Pinhole camera: How "How to See Without Your Glasses" works?

For someone with perfect vision, the lens in their eye focuses a point source in their field of vision to a point source on their retina. For someone with less than perfect vision, the focus lies either before or behind the retina, resulting in a large spot on the retina, instead of a point. See the top illustration.

Nearsighted eye with and without aperture

When you squint, or roll your fingers into a tube in front of your eye, you're placing an aperture in the way of the light. See the bottom illustration. As the diagram shows, the focus stays the same distance away from the retina, but since the angles are smaller, the spot on the retina is also smaller. A smaller spot is closer to a point, and therefore seems "sharper" - even though the vision is just as bad.
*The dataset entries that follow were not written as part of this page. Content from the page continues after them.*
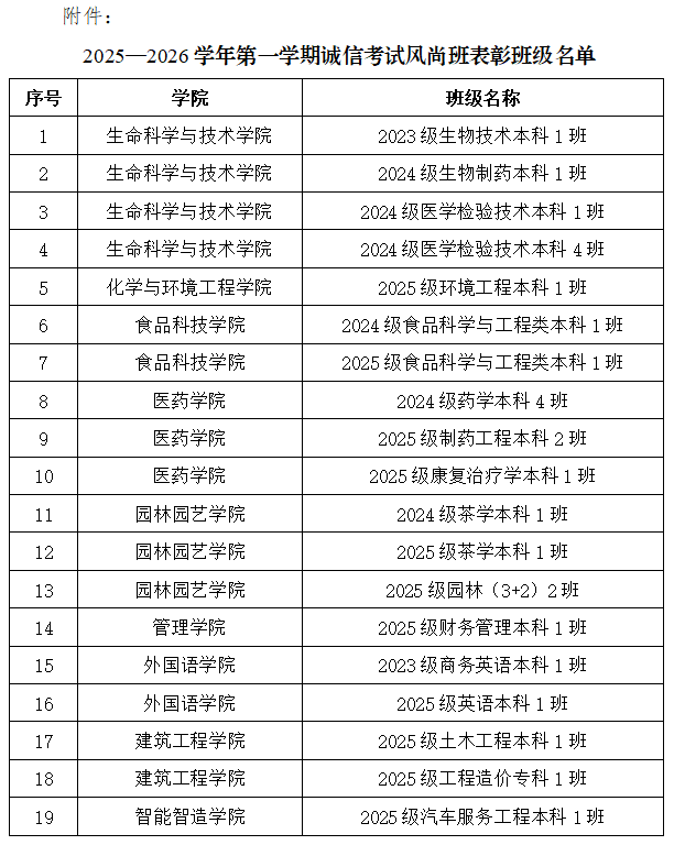 根据《关于开展2025—2026学年第一学期“无人监考”工作的通知》(武生教字〔2025〕109号),在2025—2026学年第一学期期末考试中,全校共有20个班级申请参加“无人监考”考试。经综合考核与公示,生命科学与技术学院2023级生物技术本科1班等19个班级在考试过程中自觉遵守考场纪律,坚守诚信底线,恪守承诺,诚实应考,无任何违纪违规行为。学校决定授予上述19个班级“诚信考试风尚班”荣誉称号(具体名单详见附件)。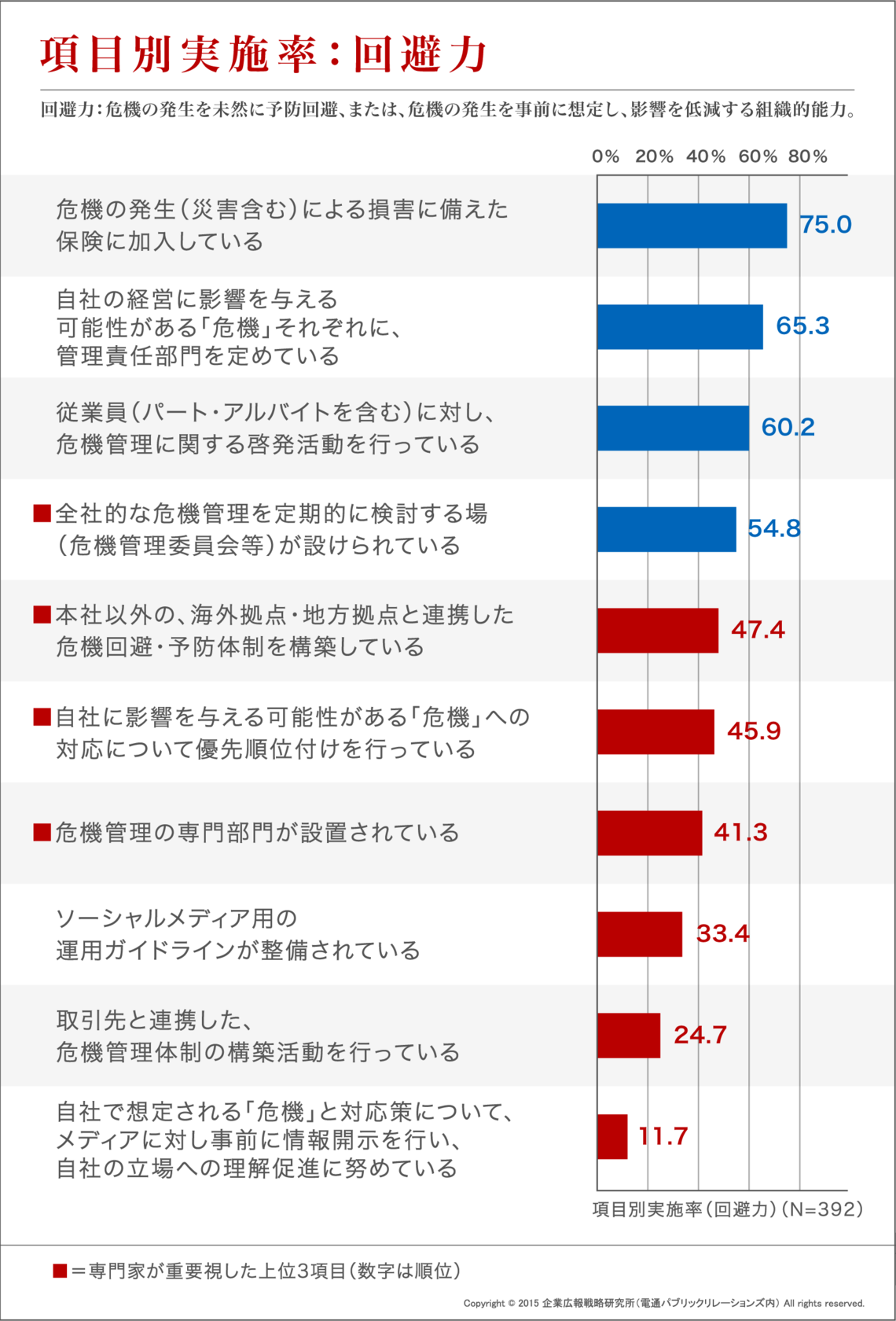 Now, in the "Crisis Management Capability Survey" conducted by our institute last January, the "avoidance capability" among the "five crisis management capabilities" we've previously introduced showed a relatively high score. Particularly in the "Electricity and Gas" sector, it achieved the highest score among industries at 77 out of 100 points. Among the 10 items measuring this "Avoidance Capability," crisis management experts identified the following four items as particularly important (listed in order of importance):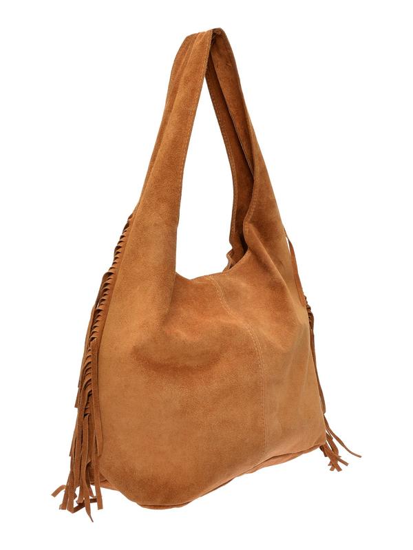 Hobo bag 100% cow leather (suede) Open top with magnetic closure Fringed side details Unlined interior with internal zip pocket Dimensions: 30 x 39 x 12 cm Handle drop: 50 cm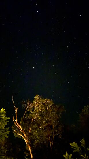 Zum Abendessen gibt es Mango und Bananen—dann geht Thomas noch auf Fototour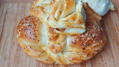 Dobili smo dve tanje rolnice koje presečemo na pola i upletremo kao kike koje obavijemo loptica u plehu. Na isti način premazati 4 razvije loptice stim što razvijeno testo sečemo unakrst a svaki trougao po malo po sredini a uglove provučemo kroz otvore i trouglove redjamo izmedju lopti u plehu. Foto: Bakina kuhinja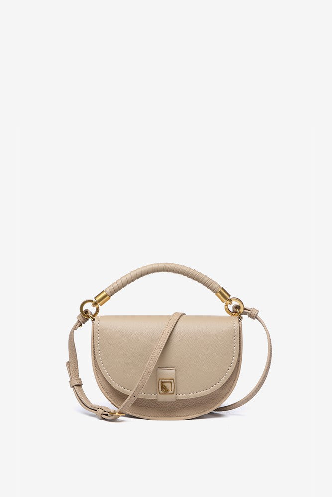 Women’s crossbody bag in half-moon format made from recycled materials. A new silhouette in our catalog that follows the latest trends of the moment. Its youthful style, clean and simple lines, golden details, and range of colors make this accessory a very special design and a true gem this season. Its main features are: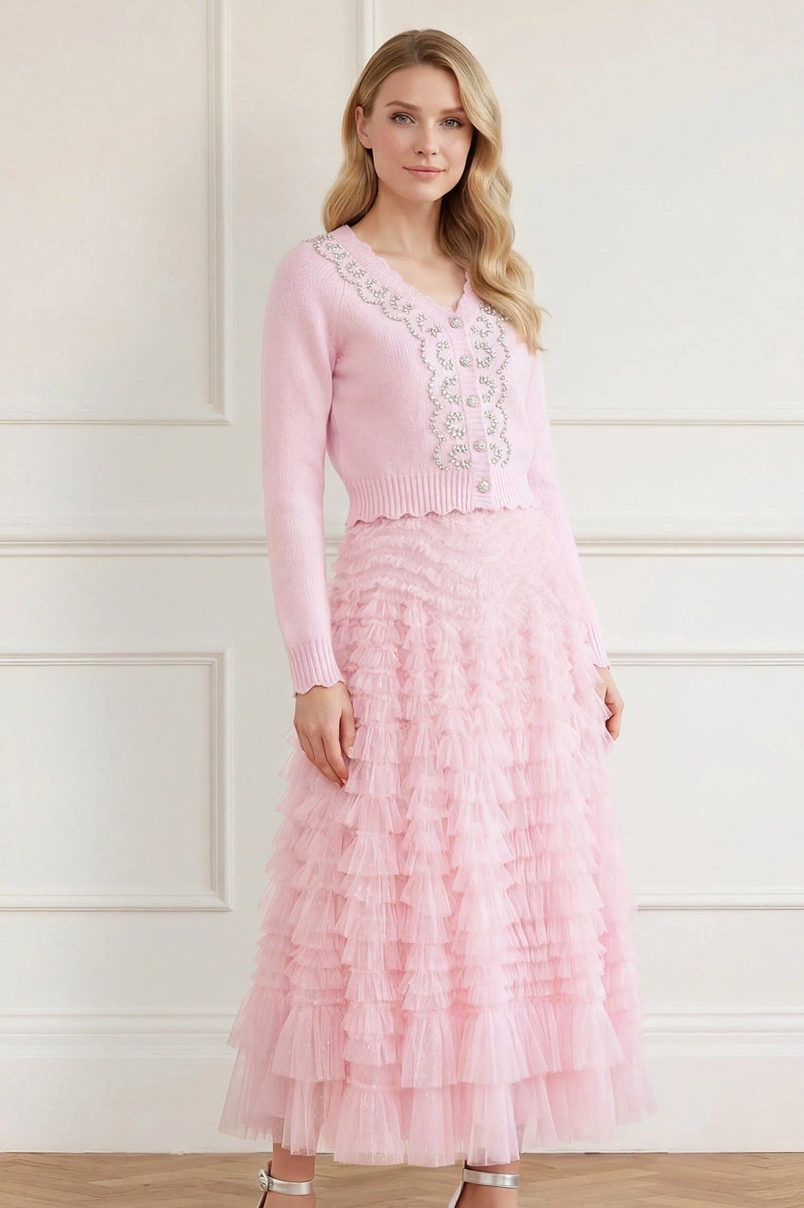 NEW SEASON | NEEDLE & THREAD EXCLUSIVE. The Embellished V-Neck Short Cardigan in Powder Pink. Delicately adorned with intricate embellishment for a refined, feminine finish. Designed with a flattering V-neckline and softly fitted silhouette, this piece offers subtle texture and light-catching detail.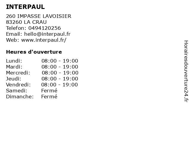 | Lundi | 08:00-19:00 |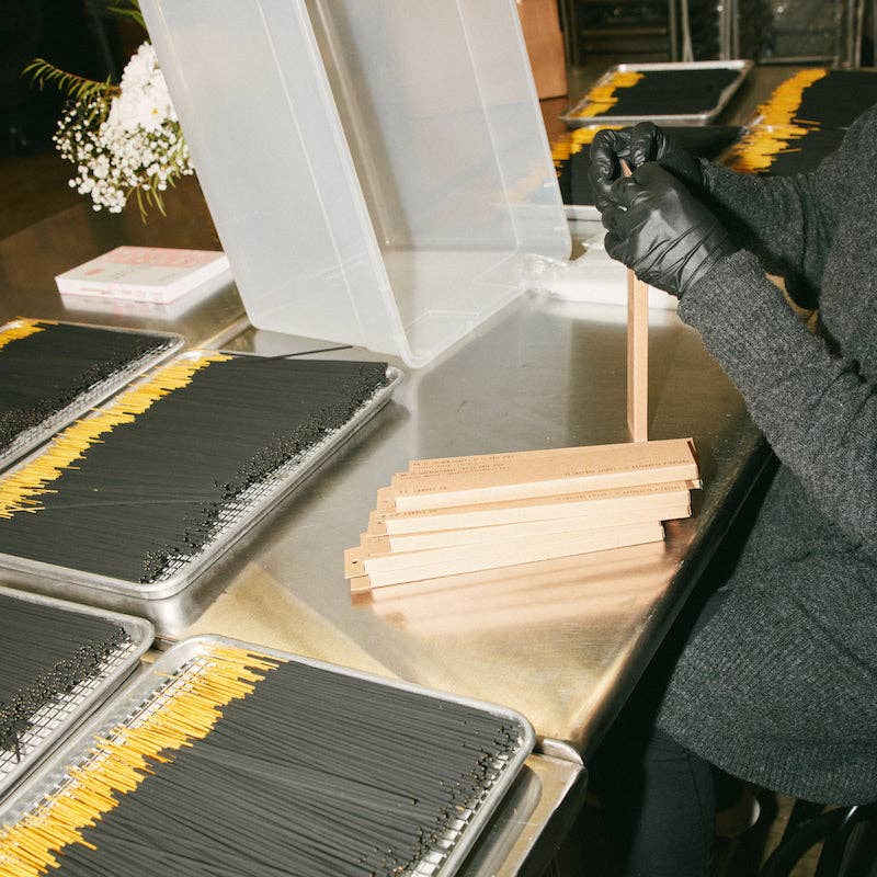 Incense quickly transforms a room - the uplifting smoke fills the space while our signature scents linger for hours even after extinguishing. Our charcoal-based incense is hand-dipped in-house using fine fragrance oils and dipropylene glycol (DPG), a synthetic base commonly found in body care and home fragrance products.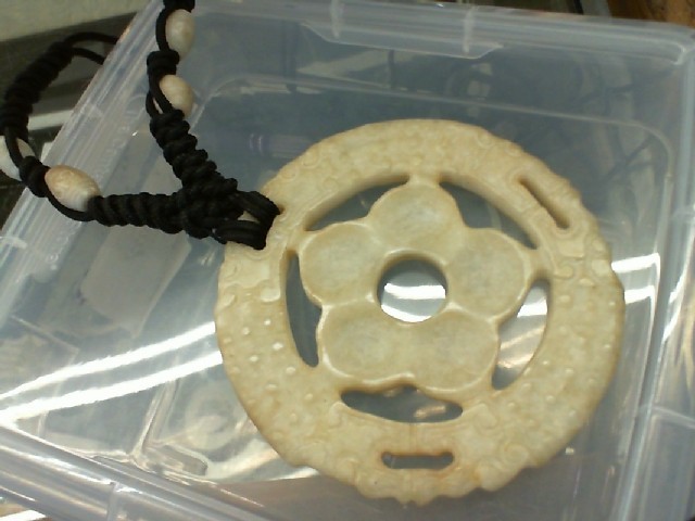 Hetian Nephrite White Jade/Jadeite Amulet - Flower Amulet with Beads & Black Macrame Cord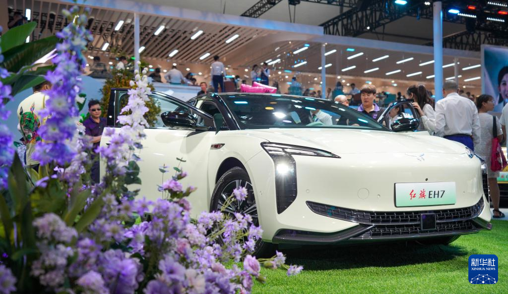 7月13日,觀眾在第21屆長(zhǎng)春國(guó)際汽車博覽會(huì)的紅旗品牌展區(qū)參觀EH7車型。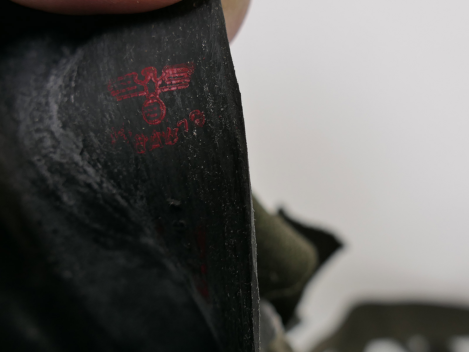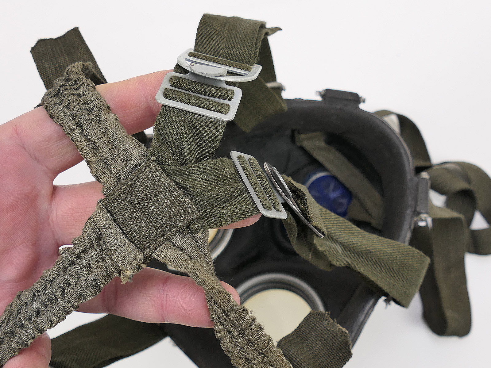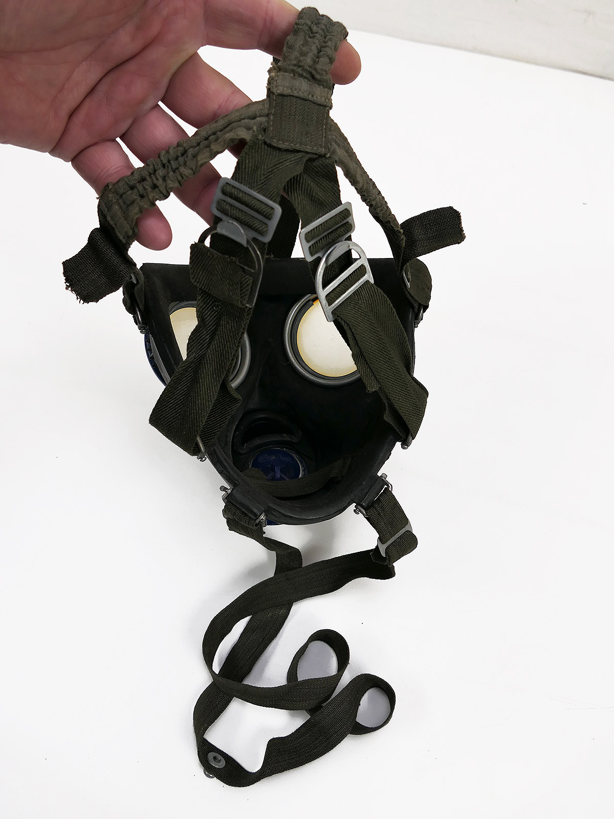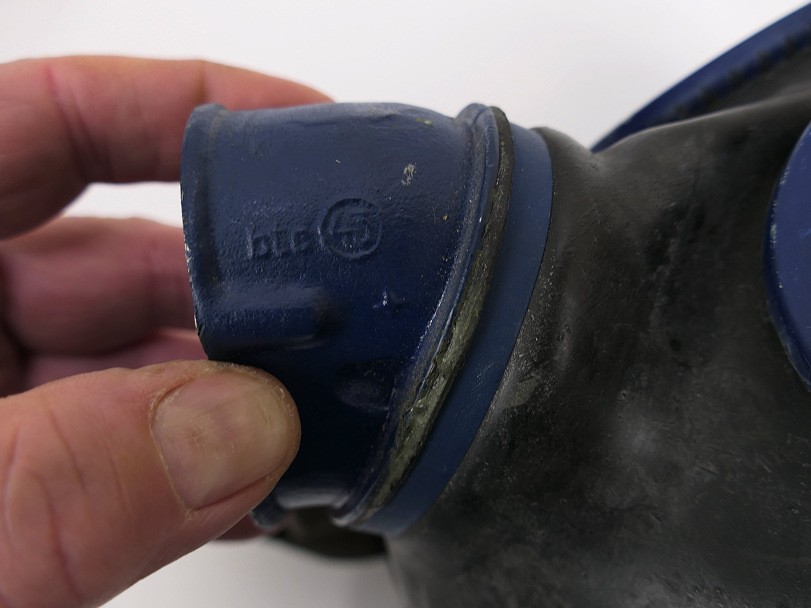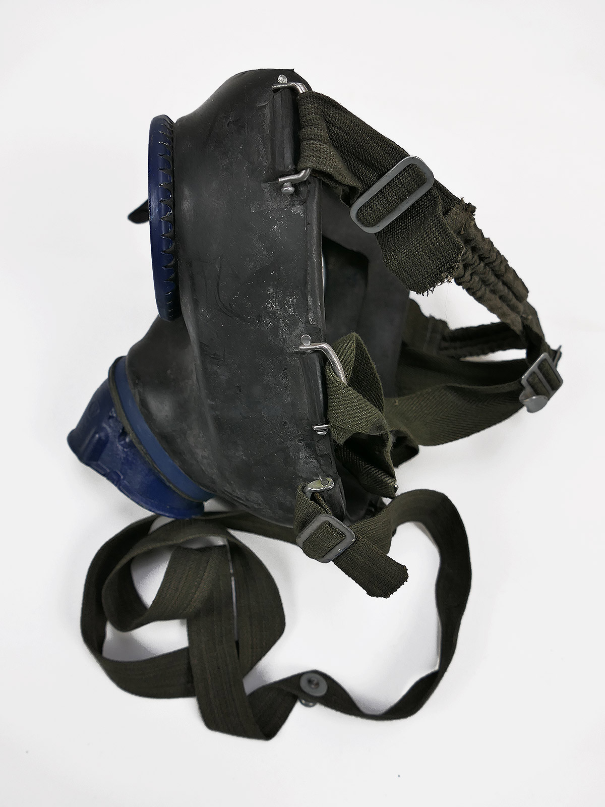 Original Wehrmacht gas mask, bmw44, rubber, black, with blue painted lens rims.

The camera obscura works on a similar principle.


Basically, what your eye does is take an average value of all the light that comes into your eye, and present it as the final image.

Let us consider a wide open eye. This eye receives information from all angles possible, and the larger angle the incoming angle has with respect to the normal line of the eye, the more refraction it will go through.

When your eye does not function well, like myopia, your lens will not be able to refract properly. And every light that needs a refraction will undergo some deviation from its correct path.

What you do when squinting, or the tactic shown in Wikihow, is basically eliminating the larger angle light rays, while only receiving those that require little to none refraction to reach the optic disc in your retina.